Would you copy, word for word, each line from the one with "- Acțiuni instantanee" to the end of the listing below, skipping all pictures?

_DATA EXTRACT_:
⁂
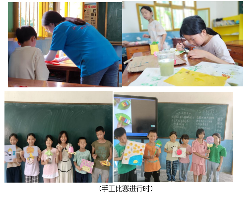 7月27日,实践队在硐溪小学开展小制作大赛。希望通过这一活动,让学生更加关注生活,热爱生活。手工比赛上,折纸、绘画……一件件手工作品,都是孩子们用心制作,都是孩子们爱的表达,美的创作。手工制作在孩子们的眼中,就像缤纷的彩虹,他们可以用它编织七彩的梦想。每个孩子心中也都有一支美妙的画笔,他们用一双灵动的手,画出自己眼中的美丽世界。
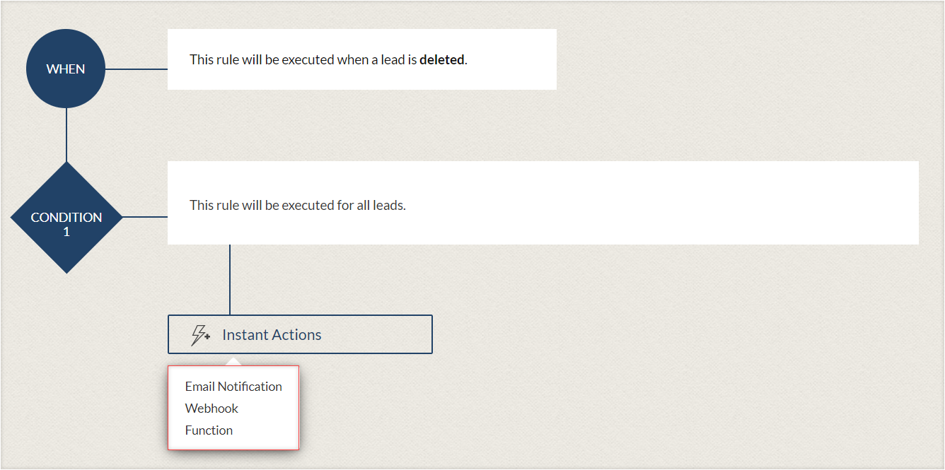 - Acțiuni instantanee - Adaugă notificări prin email, sarcini, actualizări de câmpuri, webhook-uri, funcții personalizate, creare de înregistrări și trimitere de notificări prin Cliq, Slack sau Cisco Webex care vor fi declanșate imediat când regula este executată. La acțiunile de editare sau actualizare a câmpurilor, poți de asemenea converti Lead-uri, Oferte sau Comenzi de vânzare.
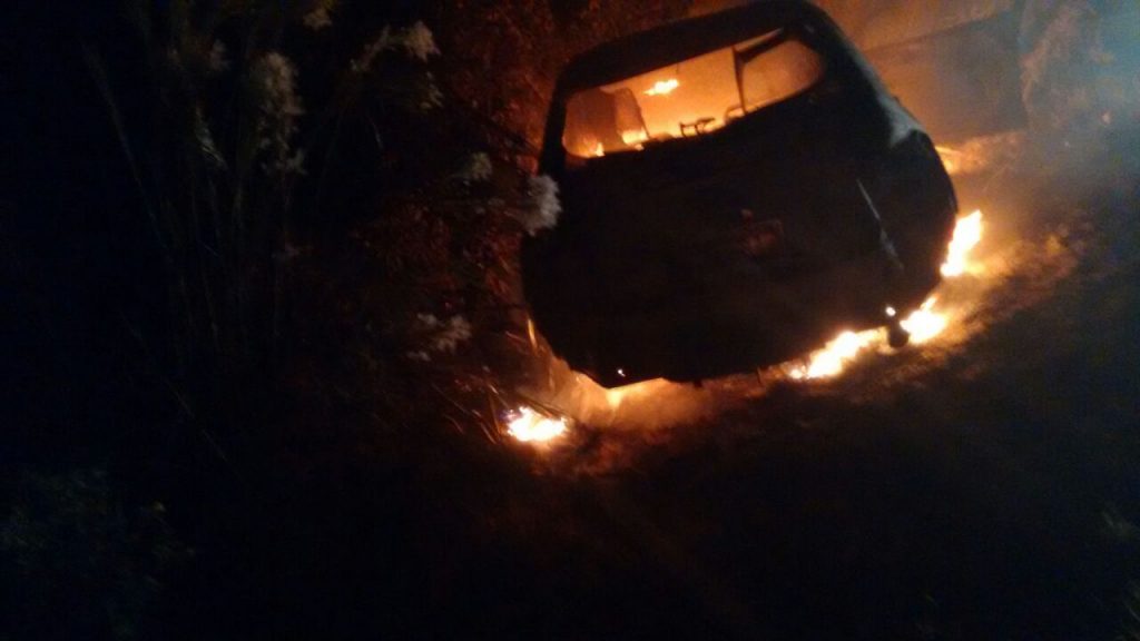 Um veículo clonado foi incendiado às margens da RS-474, próximo ao pedágio, em Santo Antônio da Patrulha, por volta das 5h deste sábado (04).
⁂
_OUTPUT BELOW_:
 - Acțiuni instantanee - Adaugă notificări prin email, sarcini, actualizări de câmpuri, webhook-uri, funcții personalizate, creare de înregistrări și trimitere de notificări prin Cliq, Slack sau Cisco Webex care vor fi declanșate imediat când regula este executată. La acțiunile de editare sau actualizare a câmpurilor, poți de asemenea converti Lead-uri, Oferte sau Comenzi de vânzare.
 Um veículo clonado foi incendiado às margens da RS-474, próximo ao pedágio, em Santo Antônio da Patrulha, por volta das 5h deste sábado (04).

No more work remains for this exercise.